The rebound in mid-cap growth stocks has begun, and in my view, the best way to play it is to focus on “growth at a reasonable price” stocks. Many high-quality technology companies, particularly in the software sector, fell to multi-year lows last year despite strong fundamental results (including and especially a renewed focus on profitability, driven in part by layoffs), and it’s a great time to capitalize on low valuations to build long-term positions.
Nutanix (NASDAQ:NTNX) is one company worth watching. This infrastructure software provider, best known for its “hyper converged” infrastructure that eliminates data center siloes to help backend operations run more smoothly, was recently the subject of potential acquisition talks by Hewlett Packard Enterprise (HPE). When these talks came to a halt, shares of Nutanix took a large breather. Yet, I continue to think there is plenty of opportunity for Nutanix to shoot higher, even in the absence of a near-term acquisition.

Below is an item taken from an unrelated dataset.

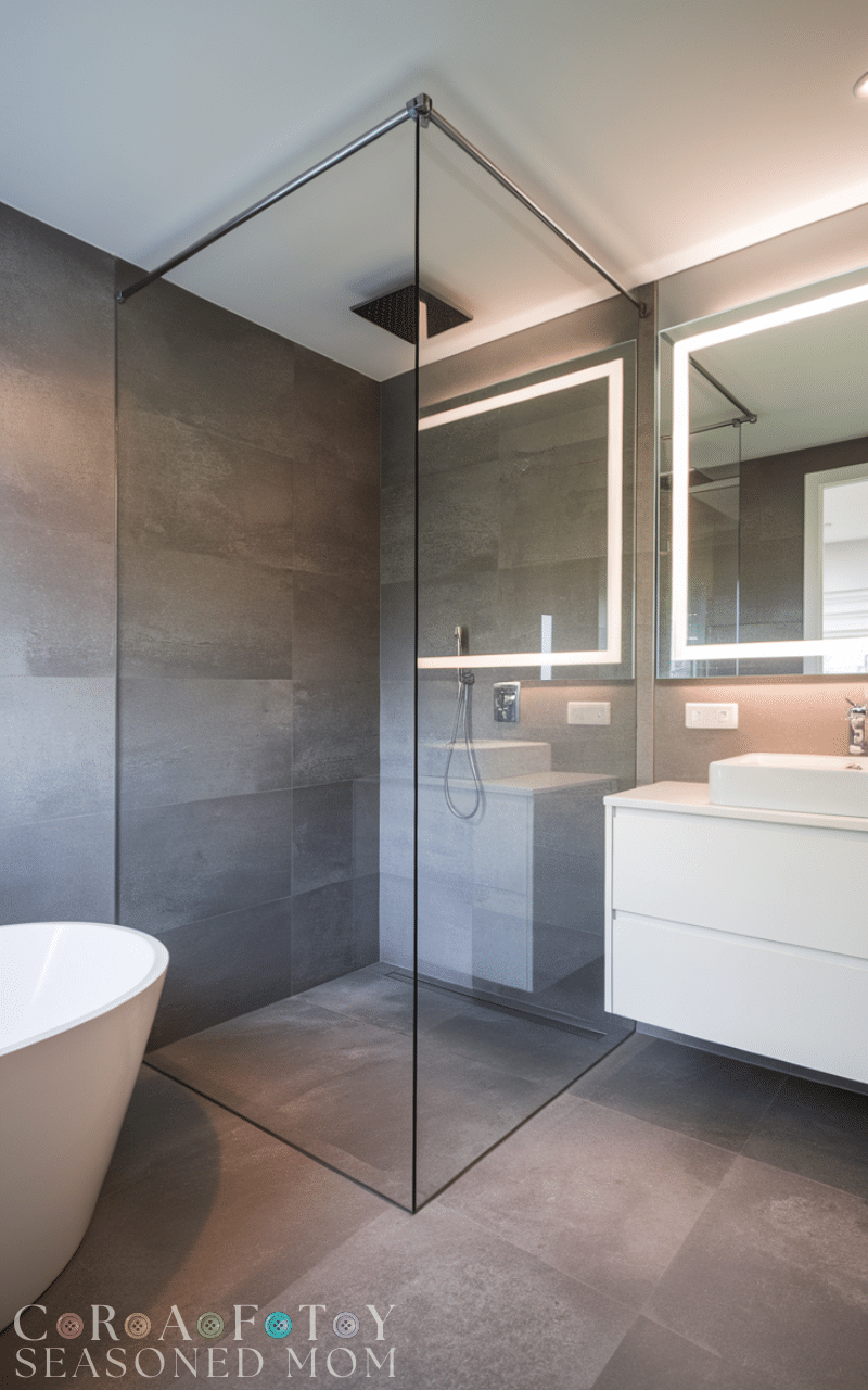 To solve the functional flaws of your Walk-In Showers Ideas, consider the “small curb” approach. Even a tiny step-up can define the wet zone and keep water and curious pets better contained without sacrificing the sleek look of a modern renovation.

The bull case for Nutanix: even standalone, this company shines
Yes, there are macro headwinds at play. Like other IT technology companies, Nutanix is facing a situation where company leaders are delaying capex and digital transformation products. That doesn’t mean, however, that Nutanix isn’t priming itself for a return to growth. The company has continued to build up its ARR, and its focus on the bottom line has delivered tremendous results in bringing Nutanix above breakeven on a pro forma operating margin business. Once thought of as a hardware vendor with occasional software add-ons, Nutanix is now a pure software vendor with gross margins above 80% that is capable of running on any commodity data center hardware.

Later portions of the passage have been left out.